From the line containing "THE HTC NE20" to the line containing "البرية والتصوير الرياضي" in the entries below, reproduce every line exactly, ends included. Nothing else belongs in the copy, and no pictures.
[Data to process Boundary: Start]
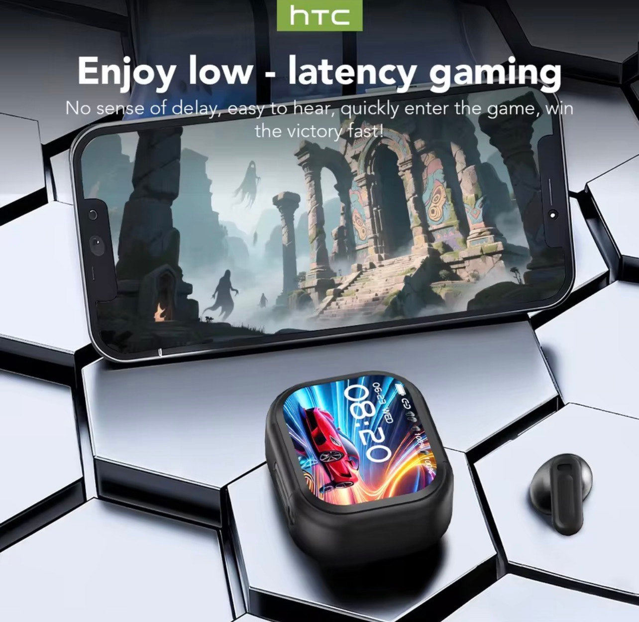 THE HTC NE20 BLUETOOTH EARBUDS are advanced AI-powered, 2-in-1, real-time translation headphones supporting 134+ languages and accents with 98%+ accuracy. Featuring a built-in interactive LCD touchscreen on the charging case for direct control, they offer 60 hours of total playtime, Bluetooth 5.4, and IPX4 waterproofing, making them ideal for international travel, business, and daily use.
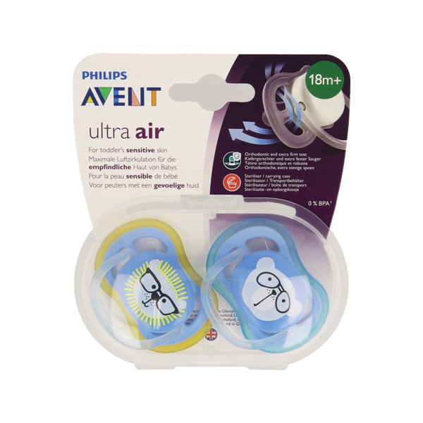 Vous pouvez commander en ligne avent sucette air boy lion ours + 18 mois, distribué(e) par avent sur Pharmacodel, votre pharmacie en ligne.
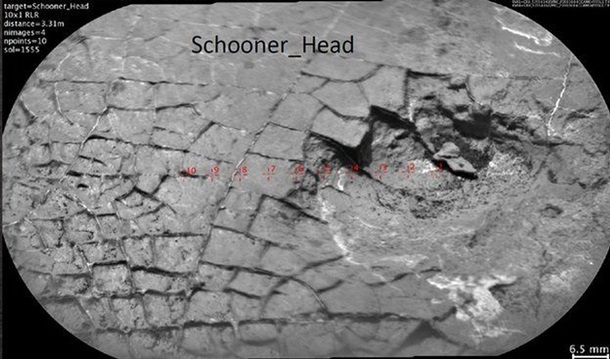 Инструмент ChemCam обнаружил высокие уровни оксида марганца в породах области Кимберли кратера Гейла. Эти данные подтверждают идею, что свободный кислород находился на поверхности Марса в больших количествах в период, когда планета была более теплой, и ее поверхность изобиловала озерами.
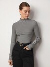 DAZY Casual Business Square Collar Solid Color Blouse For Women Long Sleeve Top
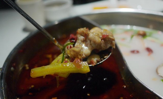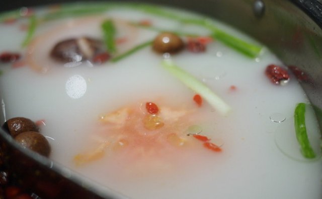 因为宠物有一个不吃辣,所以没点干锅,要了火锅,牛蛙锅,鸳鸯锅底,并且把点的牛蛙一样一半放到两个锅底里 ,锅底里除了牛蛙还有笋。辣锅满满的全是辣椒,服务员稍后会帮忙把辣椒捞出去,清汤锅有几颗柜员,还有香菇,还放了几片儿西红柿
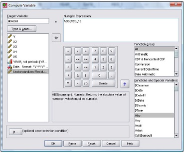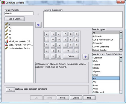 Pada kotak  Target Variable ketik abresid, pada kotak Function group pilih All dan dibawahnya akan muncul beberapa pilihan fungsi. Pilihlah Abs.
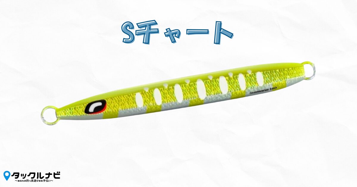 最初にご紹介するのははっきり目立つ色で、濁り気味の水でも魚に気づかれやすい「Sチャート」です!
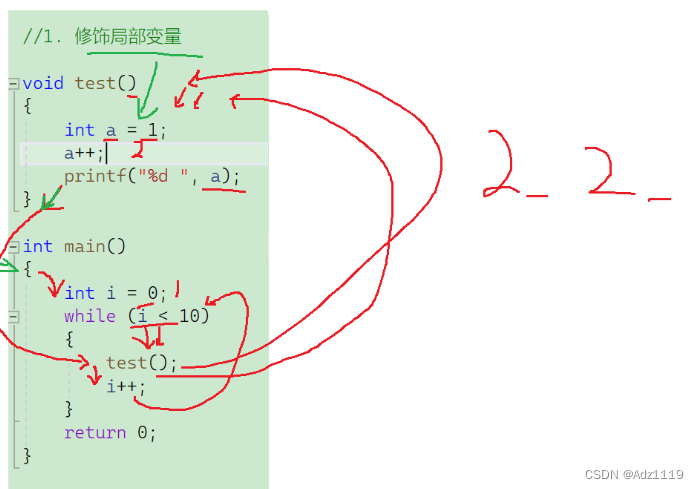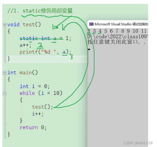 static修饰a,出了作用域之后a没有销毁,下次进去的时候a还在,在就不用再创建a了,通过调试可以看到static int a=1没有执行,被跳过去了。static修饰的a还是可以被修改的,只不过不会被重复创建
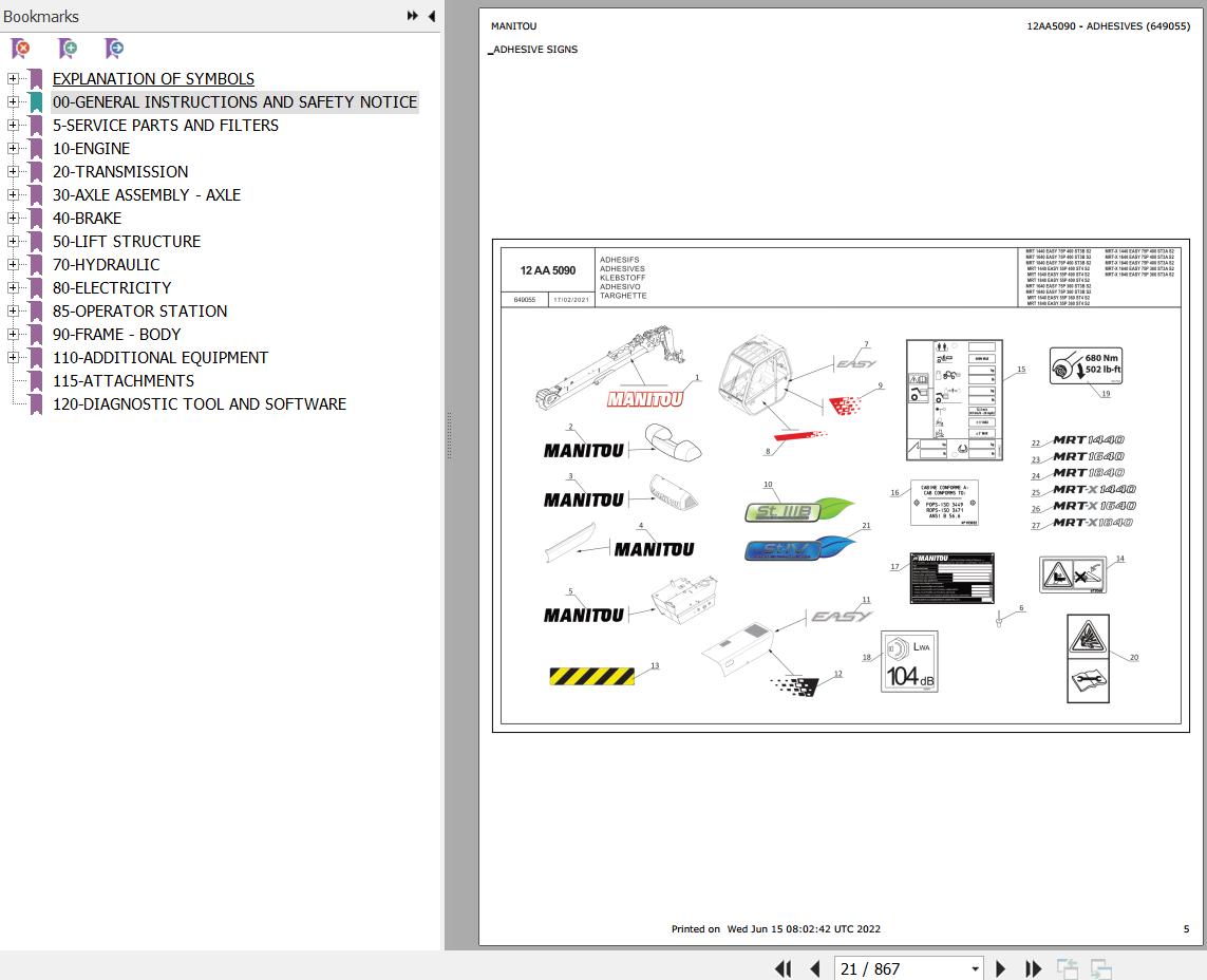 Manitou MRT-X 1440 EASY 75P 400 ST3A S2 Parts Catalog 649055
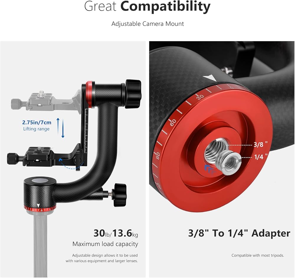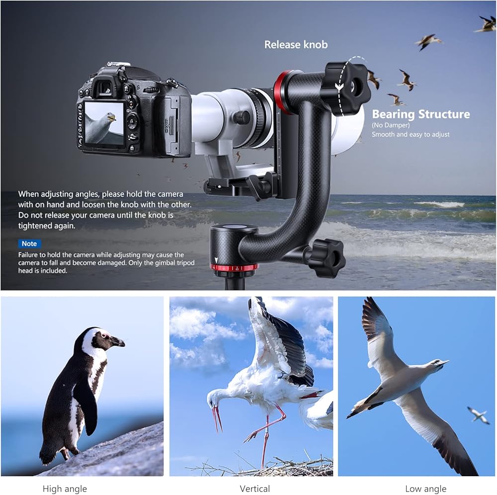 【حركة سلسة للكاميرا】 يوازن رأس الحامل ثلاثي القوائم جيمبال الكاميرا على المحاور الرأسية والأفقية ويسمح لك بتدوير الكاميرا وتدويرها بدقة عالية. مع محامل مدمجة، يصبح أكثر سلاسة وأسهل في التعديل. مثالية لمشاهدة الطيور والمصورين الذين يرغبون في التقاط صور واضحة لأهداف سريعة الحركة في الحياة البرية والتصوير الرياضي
[Data to process Boundary: End]
[Data to process Boundary: Start]
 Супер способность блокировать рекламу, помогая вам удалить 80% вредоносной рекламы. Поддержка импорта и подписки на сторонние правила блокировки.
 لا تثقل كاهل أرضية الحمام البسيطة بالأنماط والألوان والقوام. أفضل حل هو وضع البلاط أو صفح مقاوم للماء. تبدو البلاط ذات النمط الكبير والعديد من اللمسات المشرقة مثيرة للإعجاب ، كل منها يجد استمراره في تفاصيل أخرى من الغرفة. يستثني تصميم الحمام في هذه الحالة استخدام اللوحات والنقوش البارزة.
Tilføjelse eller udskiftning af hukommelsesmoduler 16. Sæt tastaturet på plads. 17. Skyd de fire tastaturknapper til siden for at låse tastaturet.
[Data to process Boundary: End]
[Data to process Boundary: Start]
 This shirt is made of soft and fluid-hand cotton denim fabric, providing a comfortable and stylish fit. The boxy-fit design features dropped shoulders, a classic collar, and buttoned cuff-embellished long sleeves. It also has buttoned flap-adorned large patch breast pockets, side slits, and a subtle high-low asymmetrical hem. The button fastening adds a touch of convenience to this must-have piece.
[Data to process Boundary: End]
> Answer section
 THE HTC NE20 BLUETOOTH EARBUDS are advanced AI-powered, 2-in-1, real-time translation headphones supporting 134+ languages and accents with 98%+ accuracy. Featuring a built-in interactive LCD touchscreen on the charging case for direct control, they offer 60 hours of total playtime, Bluetooth 5.4, and IPX4 waterproofing, making them ideal for international travel, business, and daily use.
 Vous pouvez commander en ligne avent sucette air boy lion ours + 18 mois, distribué(e) par avent sur Pharmacodel, votre pharmacie en ligne.
 Инструмент ChemCam обнаружил высокие уровни оксида марганца в породах области Кимберли кратера Гейла. Эти данные подтверждают идею, что свободный кислород находился на поверхности Марса в больших количествах в период, когда планета была более теплой, и ее поверхность изобиловала озерами.
 DAZY Casual Business Square Collar Solid Color Blouse For Women Long Sleeve Top
 因为宠物有一个不吃辣,所以没点干锅,要了火锅,牛蛙锅,鸳鸯锅底,并且把点的牛蛙一样一半放到两个锅底里 ,锅底里除了牛蛙还有笋。辣锅满满的全是辣椒,服务员稍后会帮忙把辣椒捞出去,清汤锅有几颗柜员,还有香菇,还放了几片儿西红柿
 Pada kotak  Target Variable ketik abresid, pada kotak Function group pilih All dan dibawahnya akan muncul beberapa pilihan fungsi. Pilihlah Abs.
 最初にご紹介するのははっきり目立つ色で、濁り気味の水でも魚に気づかれやすい「Sチャート」です!
 static修饰a,出了作用域之后a没有销毁,下次进去的时候a还在,在就不用再创建a了,通过调试可以看到static int a=1没有执行,被跳过去了。static修饰的a还是可以被修改的,只不过不会被重复创建
 Manitou MRT-X 1440 EASY 75P 400 ST3A S2 Parts Catalog 649055
 【حركة سلسة للكاميرا】 يوازن رأس الحامل ثلاثي القوائم جيمبال الكاميرا على المحاور الرأسية والأفقية ويسمح لك بتدوير الكاميرا وتدويرها بدقة عالية. مع محامل مدمجة، يصبح أكثر سلاسة وأسهل في التعديل. مثالية لمشاهدة الطيور والمصورين الذين يرغبون في التقاط صور واضحة لأهداف سريعة الحركة في الحياة البرية والتصوير الرياضي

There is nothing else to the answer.